What do you need of you want to be Big Brother? Big Data, of course!

Data is powerful, and “big data” is very powerful. I deal with it every day in my work as a research scientist at Adobe, where I write and utilize algorithms capable of processing petabytes of data. I’ve been actively recruited by the creepily-named data mining company, Palantir (named for the all-seeing stones in Lord of the Rings). In grad school learned about powerful statistical methods for discovering latent information hiding in plain sight in ordinary data, and I learned just how easy it is to infer entire social networks from pairwise relationships, like who you call on the phone or who you email.

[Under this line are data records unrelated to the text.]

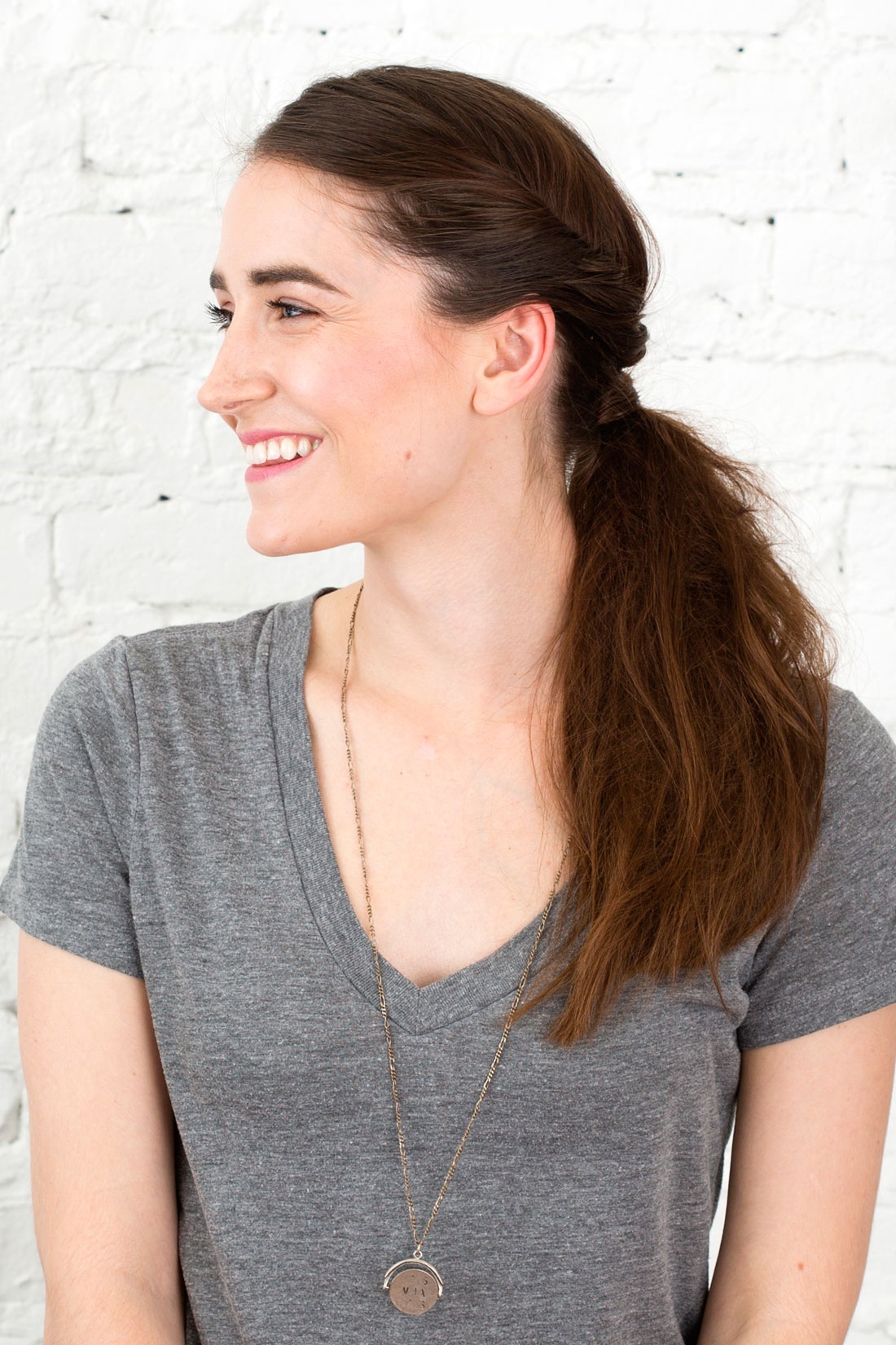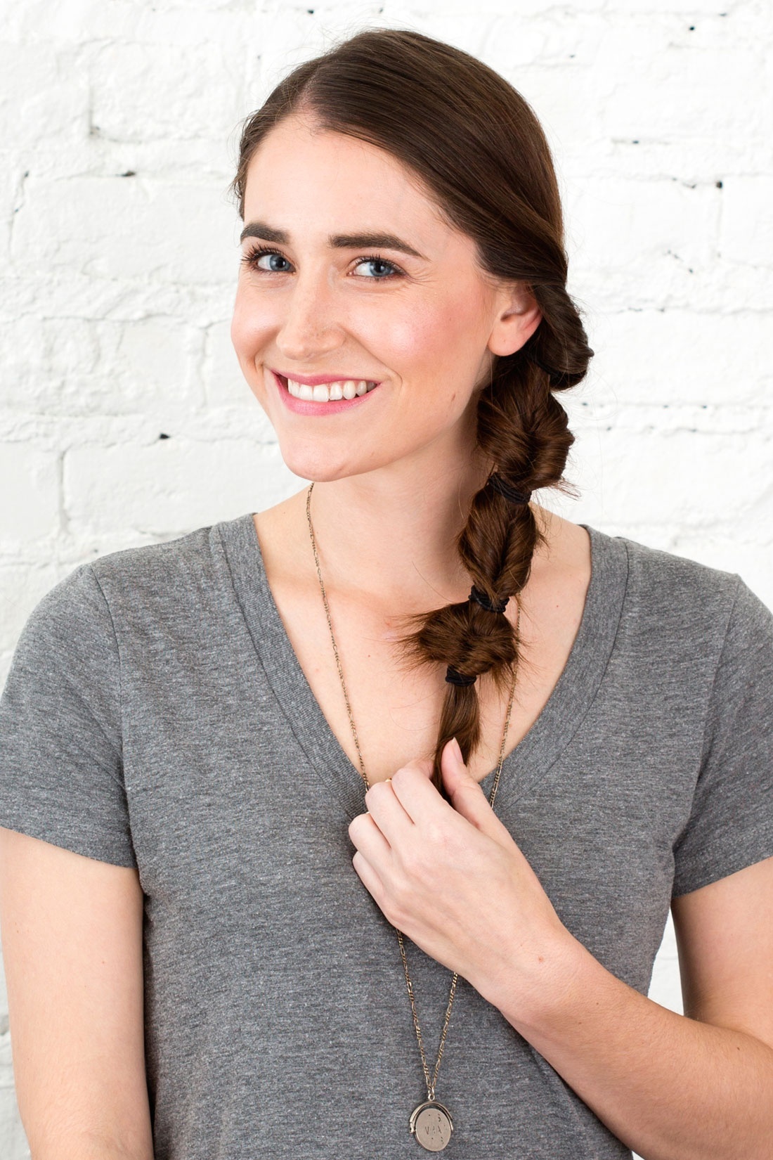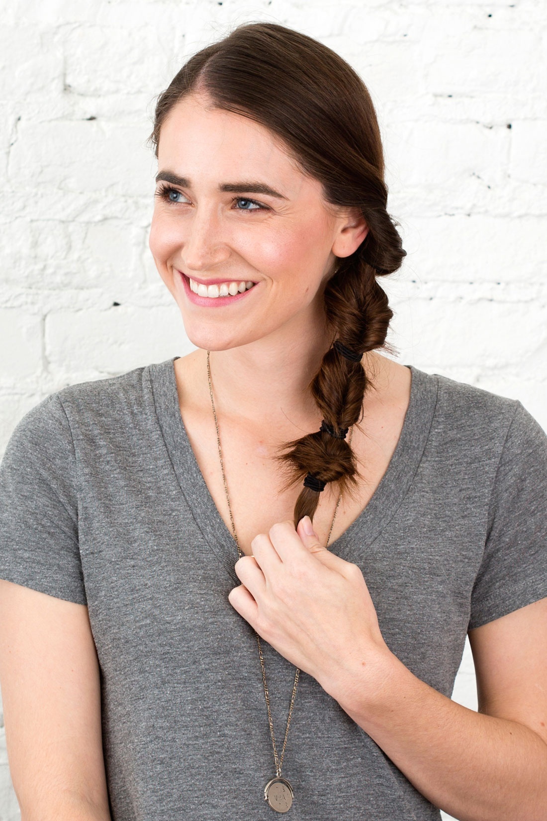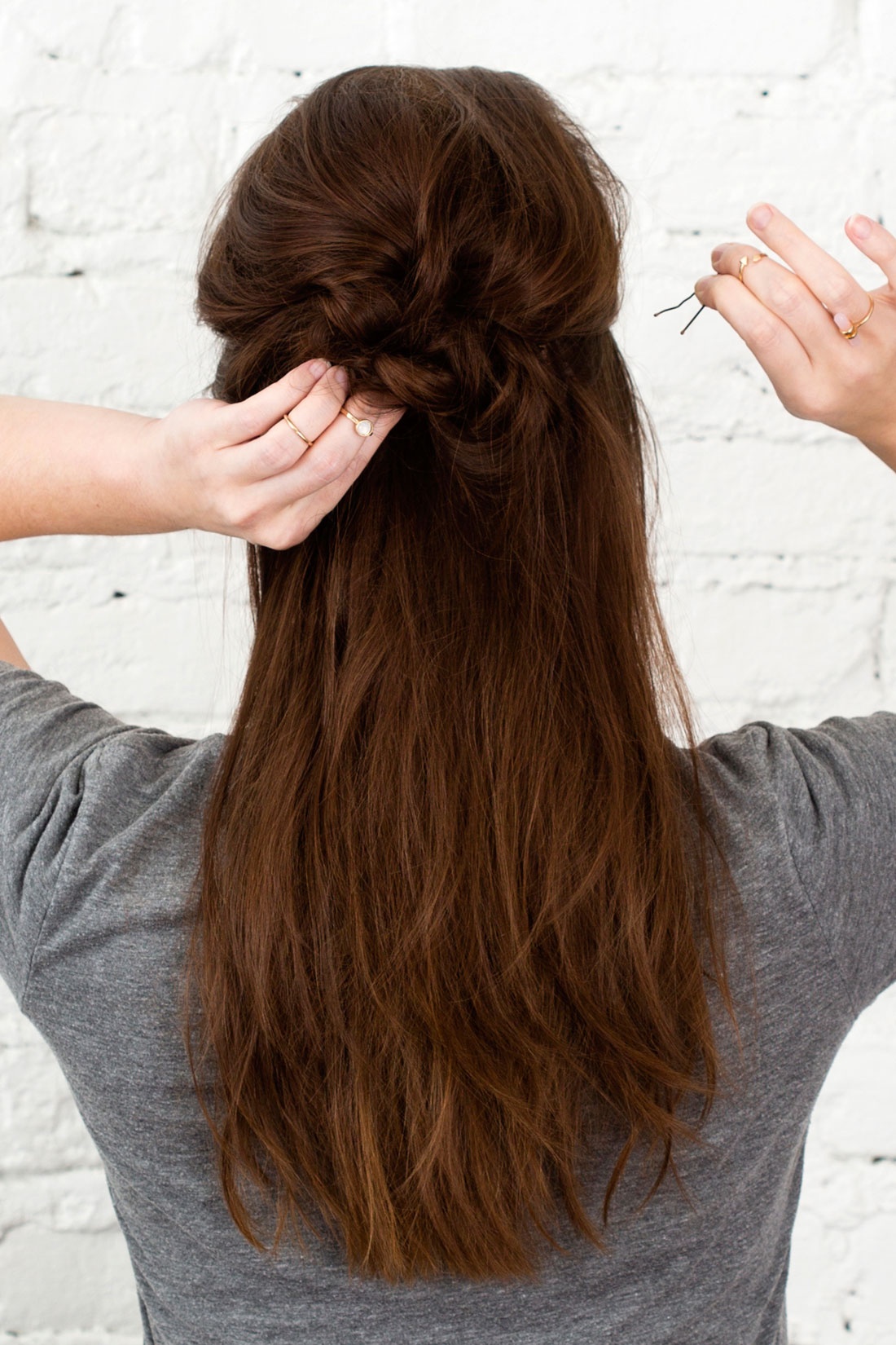 Để thực hiện kiểu tóc này, bạn chia tóc thành 3 phần, với phần tóc hai bên thái dương, xoắn chặt tóc kéo từ phía thái dương xuống dưới và cột lại với phần tóc phía sau gáy, sau khi hoàn thành dùng một phần tóc quấn quanh thun để giấu sợi thun.
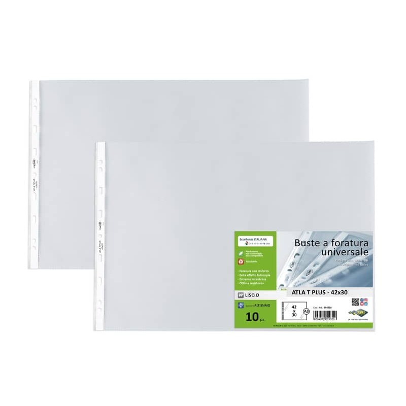 Buste in PP liscio Sei Rota Atla T Plus - altissimo spessore trasparente 42x30 cm - conf. 10 pezzi - 664216
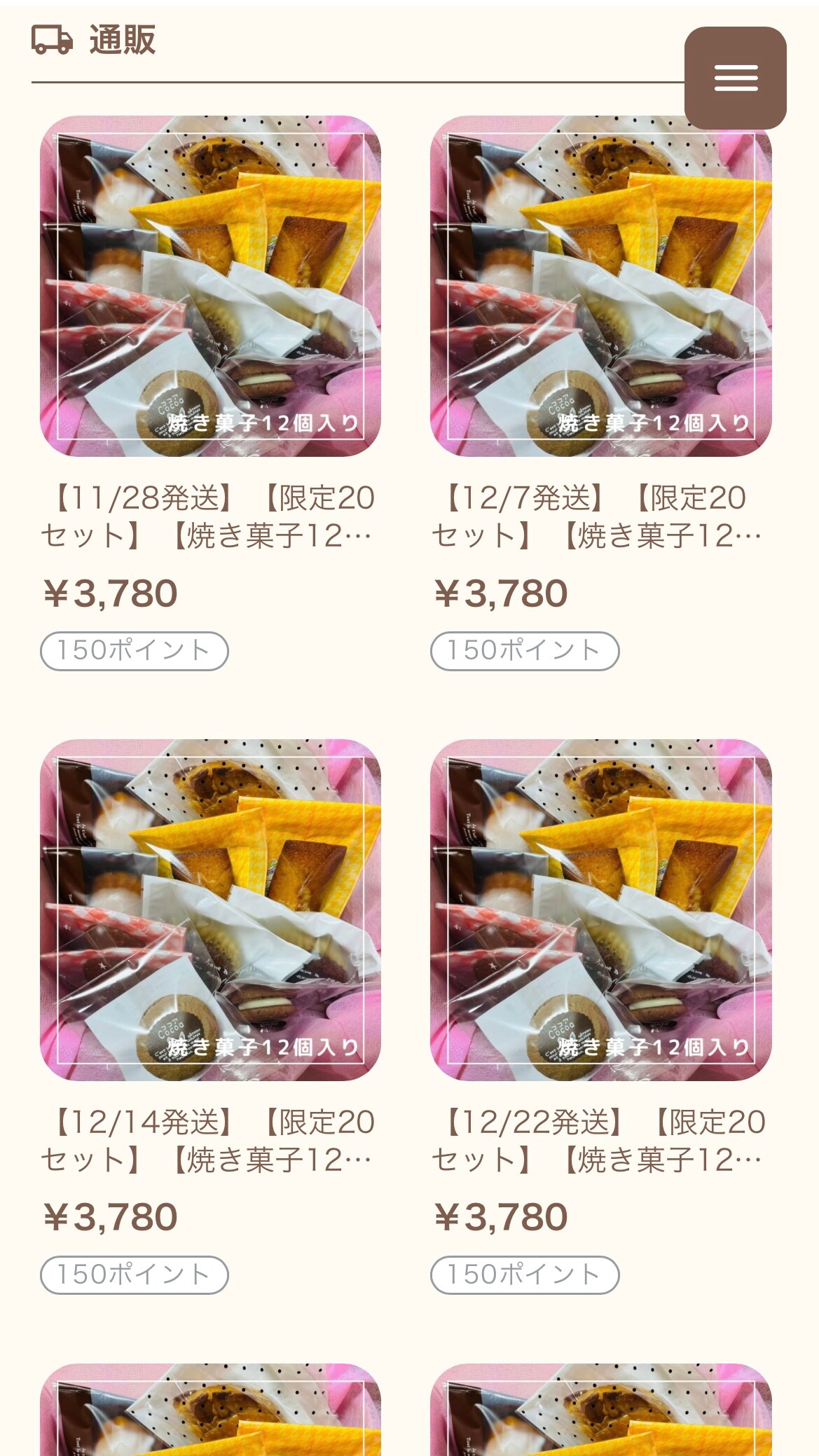 商品一覧を発送日ごとに掲載しました!

The Bush and Obama administrations have been culling records of billions of phone calls, emails, web searches, and more every day for years, with shocking disregard for your and my right to privacy. (Your local senators and congressmen have almost universally gone along with this invasive practice.) Billions a day for years is most definitely big data, and just as definitely is the cause for the construction of NSA’s huge new data center in Utah, just across the freeway from my workplace.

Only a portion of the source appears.